Mais, d’un autre côté, les raisons qui ont mené à l’échec d’OGAS sont ô combien similaires à celles qui nuisent au progrès des plateformes d’interopérabilité en Occident. Au Canada par exemple, la dernière consultation sur l’implantation d’un projet de CBDC par la Banque du Canada a été très mal reçue par les institutions financières. Les inquiétudes rapportées par les banques privées quant aux effets potentiels de la numérisation du dollar canadien sont tellement fausses et injustifiées qu’on ne peut que croire à une campagne de mensonges, et on peine à comprendre comment la Banque du Canada a pu rapporter leurs propos au public si ce n’est que par complaisance. Tous savent très bien que les modèles d’affaires des banques pourraient être mis à mal et que c’est là leur principale préoccupation. Tous savent que le bien commun bénéficierait grandement d’un réseau plus juste, transparent et ouvert. Les acteurs économiques modulent très certainement l’adoption de technologies en fonction de leurs intérêts.
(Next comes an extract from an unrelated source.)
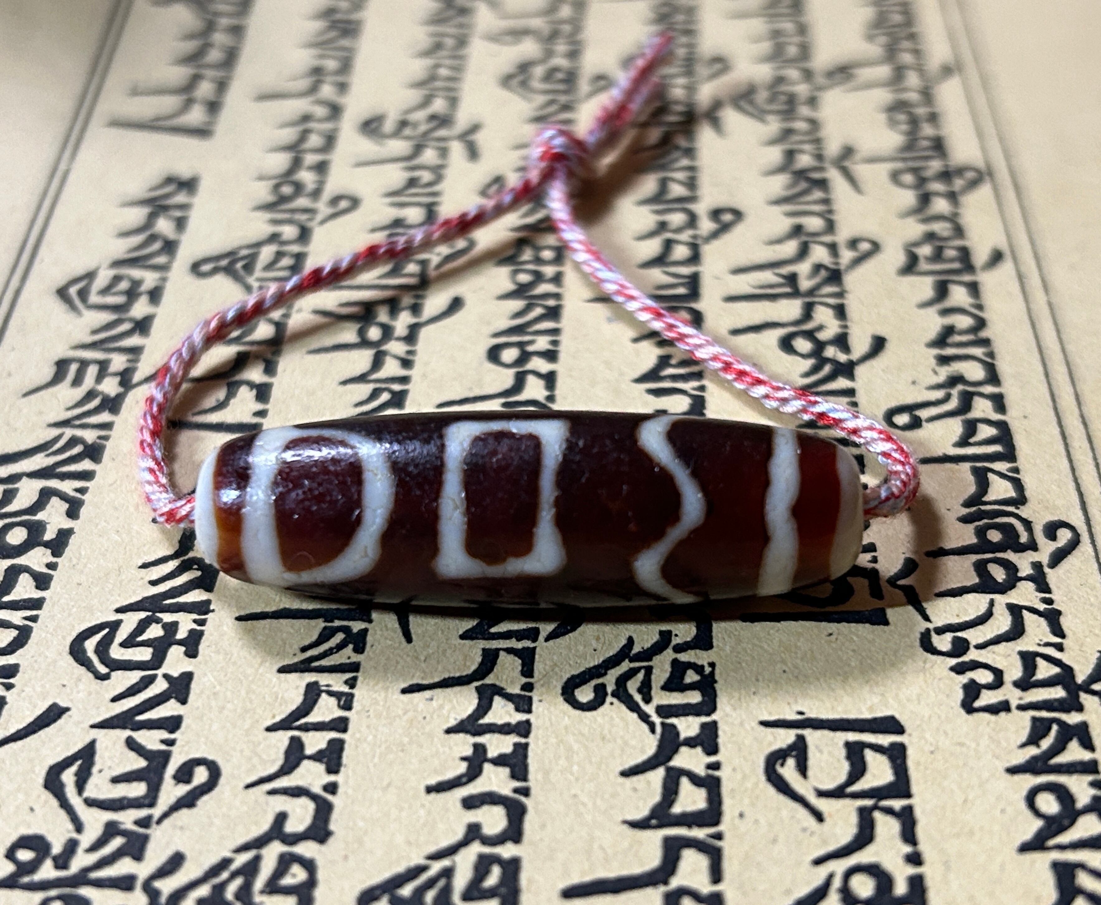 息増懐天珠 蔵語経文 チベット語経文/チベット 天珠 dZi ジービーズ 西蔵

Près de vingt ans après cette innovation majeure en science informatique qu’est la blockchain, nous n’avons jamais été aussi près du rêve de Glushkov. Nous avons la technologie, une technologie dont le coût a été réduit à presque rien, et nous en avons le besoin, à l’ère des chaines d’approvisionnement mondialisées et d’une économie qui tente d’échapper au chaos. Malgré tout, l’adoption se fait encore attendre. Cette histoire sortie des boules à mittes de la Guerre froide nous rappelle qu’il nous manque encore deux choses avant que la prophétie se réalise: il nous manque la perception du besoin, et il nous manque l’intérêt des acteurs qui détiennent les clés du pouvoir de sa réalisation. Les Soviétiques ont échoué certes, mais ils étaient quand même en avance sur nous en ayant au moins compris combien l’intérêt collectif serait servi par un tel système. Il ne leur manquait que la dernière condition pour changer le cours de l’histoire; et ce sera, pour nous aussi, probablement la plus difficile à satisfaire.